Andy Nutt of Lincoln University, Pennsylvania, came ready to tear up the tarmac in his '67 LeMans coupe. Like all base-engine LeMans that year, it left the factory with a 250hp 326, but he races it with a 400/467 stroker engine, 6X heads, a Turbo 400 trans, and 4.11 rear gears. Andy has achieved a best of 12.49 seconds prior to our event, but will the warm Virginia day hold him back?

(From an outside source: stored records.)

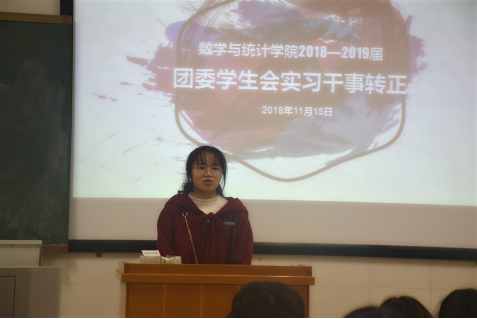11月15日晚7点,公司2018—2019届团委员工会实习干事转正大会于数学楼521、522教室顺利举行。团委员工会各部门部长、副部长以及全体实习干事出席此次大会。
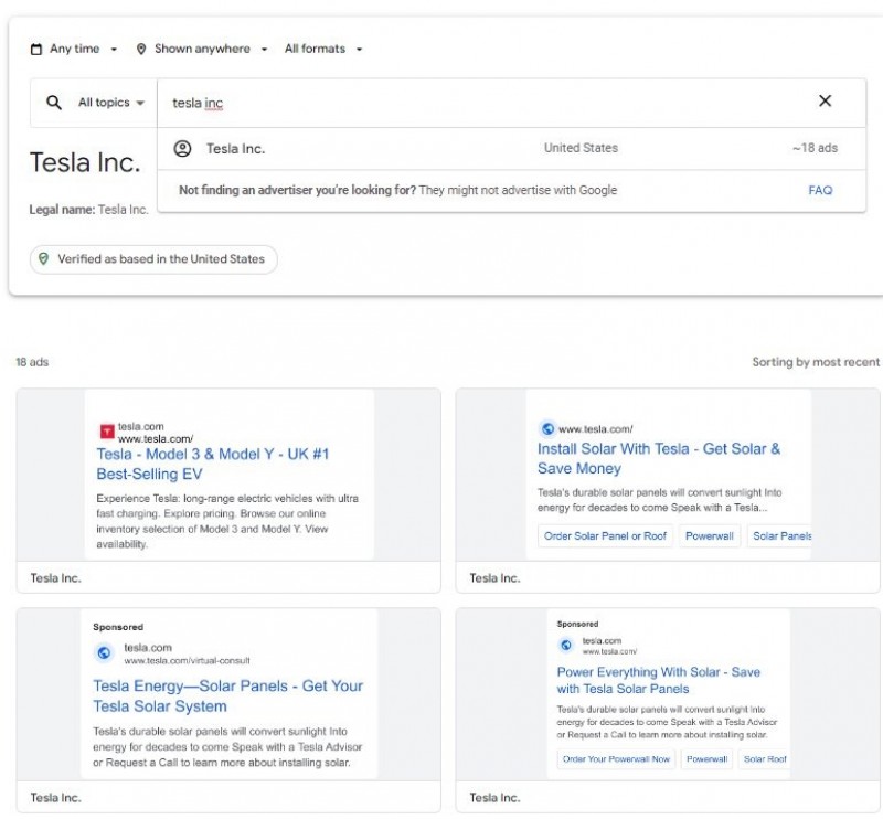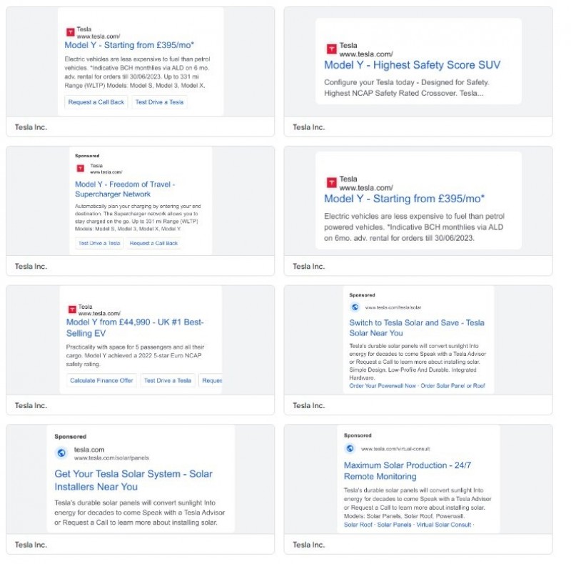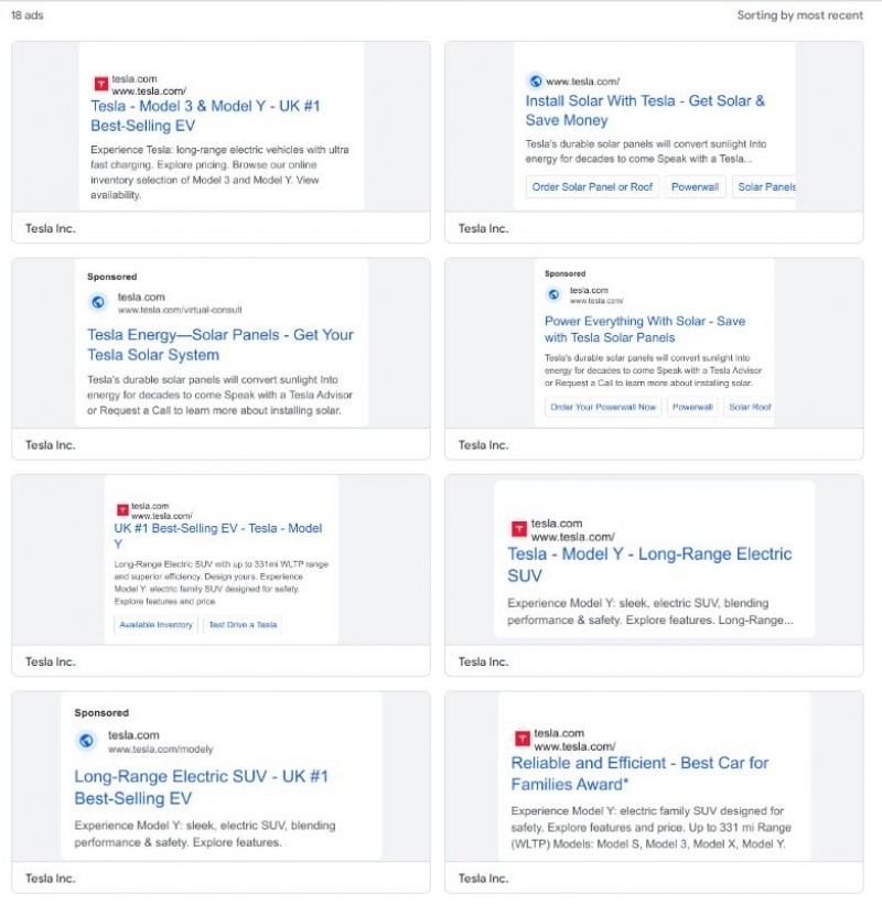 特斯拉近日開始進行廣告宣傳,在許多地方都可以看到他們的品牌短片。 你可能會以為法拉利、藍寶堅尼、勞斯萊斯這些昂貴的品牌沒有投放廣告,但其實可能只是你並非他們的目標客戶,因此廣告沒有觸及到你的範圍,而其實一直沒有投放廣告的是電動車龍頭品牌特斯拉,但現在我們都熟知的電動車品牌特斯拉開始投放廣告了,今年5月在德州舉辦的股東大會上,執行長Elon Musk公開表示未來將會嘗試一些廣告,來看看效果怎麼樣,而近日有網友發現特斯拉在Google上投放了18個廣告,其中不只是熱銷的Model 3以及Model Y,他們還宣傳自家太陽能電池以及超充網絡系統。
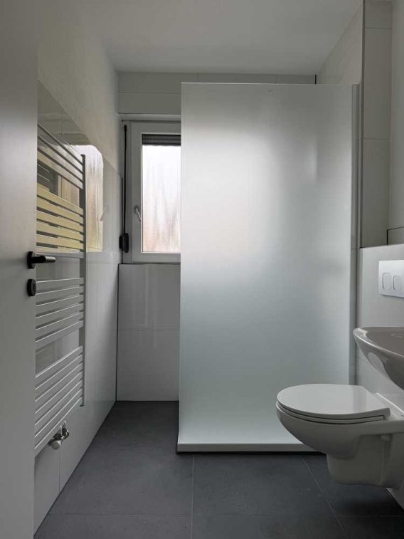Das Badezimmer überzeugt mit moderner Ausstattung, begehbarer Dusche und stilvollem Design.
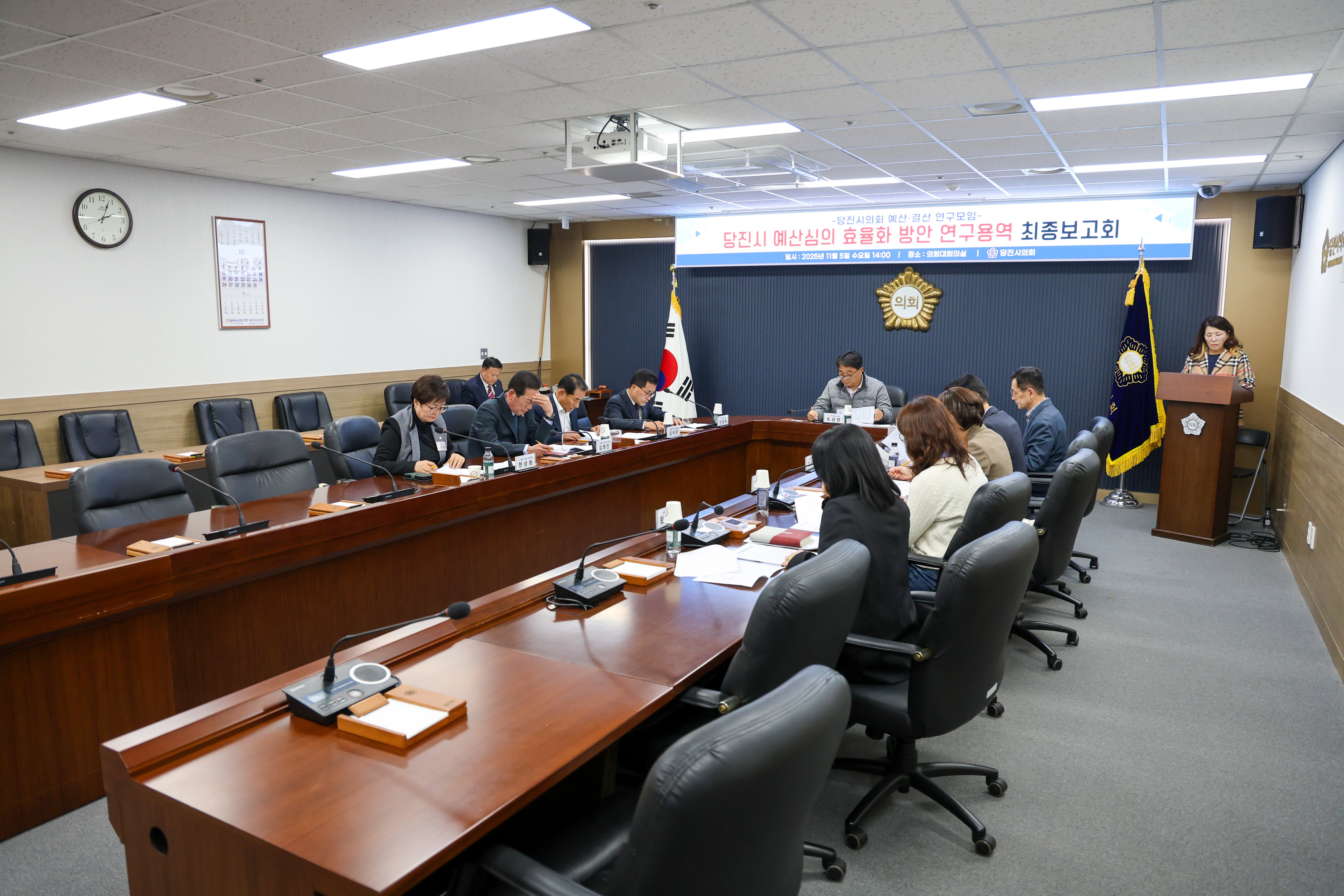 [충청중심뉴스] 당진시의회 예산 · 결산 연구모임이 11월 5일 의회 대회의실에서 ‘당진시 예산심의 효율화 방안 연구용역’최종보고회를 개최했다고 전했다.
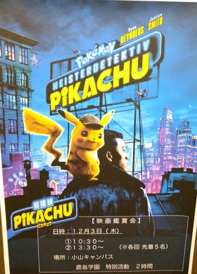 映画観賞会のお知らせ 2020-11-25 お知らせ KG高等学院 小山 12月3日(木)に映画観賞会を実施します。 『名探偵 ピカチュウ』を10時半~ 13時半~ 5人定員の予約制となっていますので、参加したい生徒さんは連絡くださいね。 特別活動2時間となります。 一覧へ
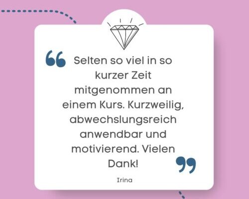 - Sie nehmen konkrete Ideen und mindestens eine Karte vom Kurs mit.
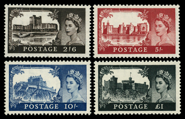 7344 og 309-312 image1955, Queen Elizabeth II "Castle" high values, Waterlow printing, 2s6d to £1 complete (Scott 309-312), o.g., lightly hinged, Very Fine to Extremely Fine.
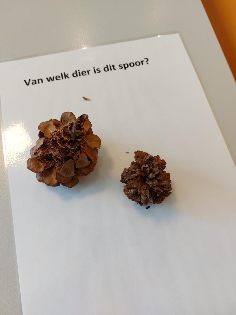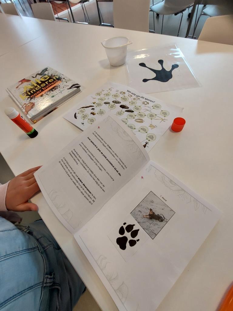 De kinderen kregen een werkboekje waarin verschillende dieren stonden. Verspreid door het centrum lagen verschillende pootafdrukken, met een zoekkaart erbij konden ze de juiste pootafdruk bij het dier zoeken en opplakken. Ook waren er nog andere diersporen te vinden, nl vraatsporen oa een dennenappel waar een eekhoorn heerlijk aan had zitten knagen. En een braakbal van een uil en ook ree en konijnenkeutels werden goed geraden.
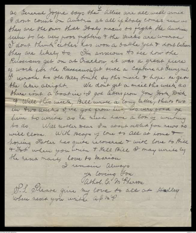 Letters of Athol Cluny McPherson, April - August 1915 - Part 8

Anne Beard of Ijamsville, Maryland, was a late-minute addition to our Shootout with her '69 Bonneville convertible. Though the battleship-sized B-body looks like it belongs only on the car-show field, its 0.040-over 428, No. 46 heads, Turbo 400, and 3.08 gears are built to get it down the track. Will the big-cube, stock-stroke engine reward the 4,400-pound ragtop with respectable quarter-mile times, or should the classic Poncho consider a future career as a peppy parade car?
Weather Report
The temperature at Virginia Motorsports Park during our Shootout ranged from 68.9 degrees to 91.9 degrees and the barometric pressure was 29.88 hg. The track is 170 feet above sea level and density altitude varied from 1,699 to 2,015 feet, so we will give each racer his or her own correction factor based upon the density altitude at the time of his or her best pass.
Andy's best pass occurred at 11:50 a.m. with a density altitude of 1,699 feet, so he will receive an altitude-correction factor of 0.9809 for e.t. and 1.0199 for mph.
Anne's best pass occurred at 3:29 p.m. with a density altitude of 2,015 feet, so she'll receive an altitude-correction factor of 0.9770 for e.t. and 1.0241 for mph.
The correction factors are designed to chart the theoretical best performance at sea level. This will be done on the best pass only, based on e.t.